DATASET ENTRIES ->
--
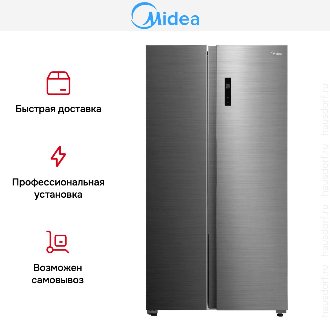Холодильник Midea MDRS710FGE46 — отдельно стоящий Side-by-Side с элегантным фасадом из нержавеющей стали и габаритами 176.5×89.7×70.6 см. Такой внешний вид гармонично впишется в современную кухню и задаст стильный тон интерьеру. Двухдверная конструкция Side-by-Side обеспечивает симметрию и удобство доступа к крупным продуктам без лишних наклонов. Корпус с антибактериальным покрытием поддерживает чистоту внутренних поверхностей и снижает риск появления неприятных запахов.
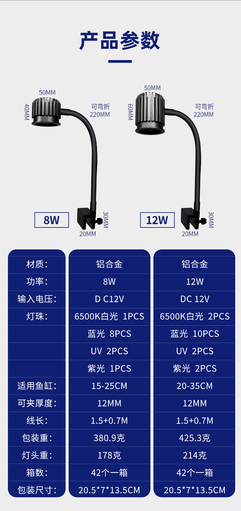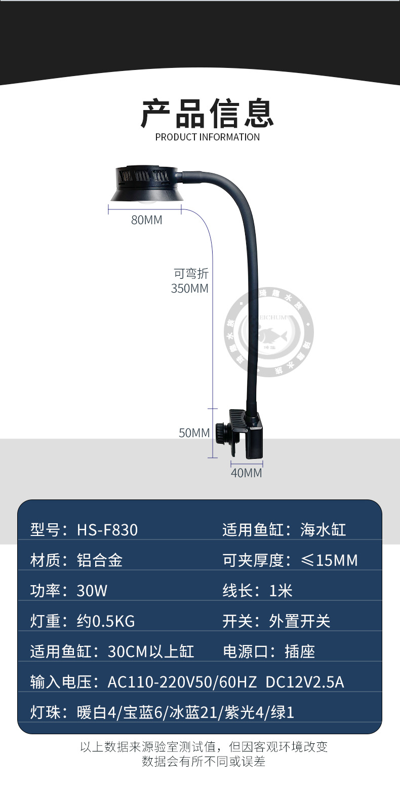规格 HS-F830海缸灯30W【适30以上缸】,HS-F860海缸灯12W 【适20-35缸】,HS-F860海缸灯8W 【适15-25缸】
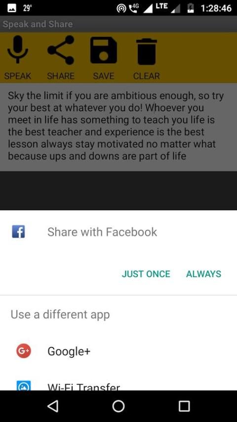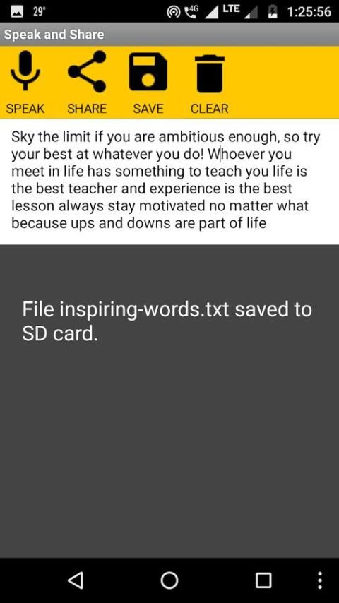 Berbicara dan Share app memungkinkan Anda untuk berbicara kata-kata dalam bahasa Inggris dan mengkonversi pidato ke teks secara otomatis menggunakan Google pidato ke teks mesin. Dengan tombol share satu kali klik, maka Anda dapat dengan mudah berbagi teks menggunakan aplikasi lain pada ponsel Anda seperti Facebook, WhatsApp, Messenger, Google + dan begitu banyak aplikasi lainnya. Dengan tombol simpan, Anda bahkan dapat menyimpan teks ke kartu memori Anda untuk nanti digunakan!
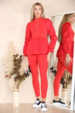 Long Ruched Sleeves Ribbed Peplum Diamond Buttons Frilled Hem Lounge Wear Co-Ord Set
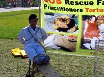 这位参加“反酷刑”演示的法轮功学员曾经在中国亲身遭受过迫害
--
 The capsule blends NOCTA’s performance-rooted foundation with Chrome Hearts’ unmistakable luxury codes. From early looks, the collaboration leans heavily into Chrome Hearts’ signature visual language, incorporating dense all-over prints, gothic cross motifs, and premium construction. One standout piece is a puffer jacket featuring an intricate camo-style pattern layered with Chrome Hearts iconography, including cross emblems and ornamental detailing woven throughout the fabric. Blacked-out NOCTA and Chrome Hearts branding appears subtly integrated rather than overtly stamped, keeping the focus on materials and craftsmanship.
--
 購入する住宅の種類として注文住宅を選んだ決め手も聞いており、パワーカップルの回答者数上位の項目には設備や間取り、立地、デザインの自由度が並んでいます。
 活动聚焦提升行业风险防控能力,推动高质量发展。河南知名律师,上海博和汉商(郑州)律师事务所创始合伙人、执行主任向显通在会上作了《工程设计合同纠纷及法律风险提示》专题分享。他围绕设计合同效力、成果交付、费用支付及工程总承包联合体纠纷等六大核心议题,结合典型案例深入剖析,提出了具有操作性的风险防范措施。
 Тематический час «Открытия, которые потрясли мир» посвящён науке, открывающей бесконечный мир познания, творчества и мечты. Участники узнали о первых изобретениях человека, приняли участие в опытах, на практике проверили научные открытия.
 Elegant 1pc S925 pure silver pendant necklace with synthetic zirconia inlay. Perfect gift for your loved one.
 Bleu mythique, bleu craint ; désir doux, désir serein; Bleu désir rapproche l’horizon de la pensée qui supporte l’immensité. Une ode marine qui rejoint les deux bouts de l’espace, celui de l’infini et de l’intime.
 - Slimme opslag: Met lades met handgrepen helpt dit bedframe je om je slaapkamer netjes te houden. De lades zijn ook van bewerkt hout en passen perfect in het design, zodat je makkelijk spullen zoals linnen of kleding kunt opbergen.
--
EXERCISE INSTRUCTIONS -> From the listing above, output exactly the run of lines that starts with the line containing "проверили научные открытия." and ends with the line containing "Elegant 1pc S925".

ANSWER TO THIS EXERCISE ->
 Тематический час «Открытия, которые потрясли мир» посвящён науке, открывающей бесконечный мир познания, творчества и мечты. Участники узнали о первых изобретениях человека, приняли участие в опытах, на практике проверили научные открытия.
 Elegant 1pc S925 pure silver pendant necklace with synthetic zirconia inlay. Perfect gift for your loved one.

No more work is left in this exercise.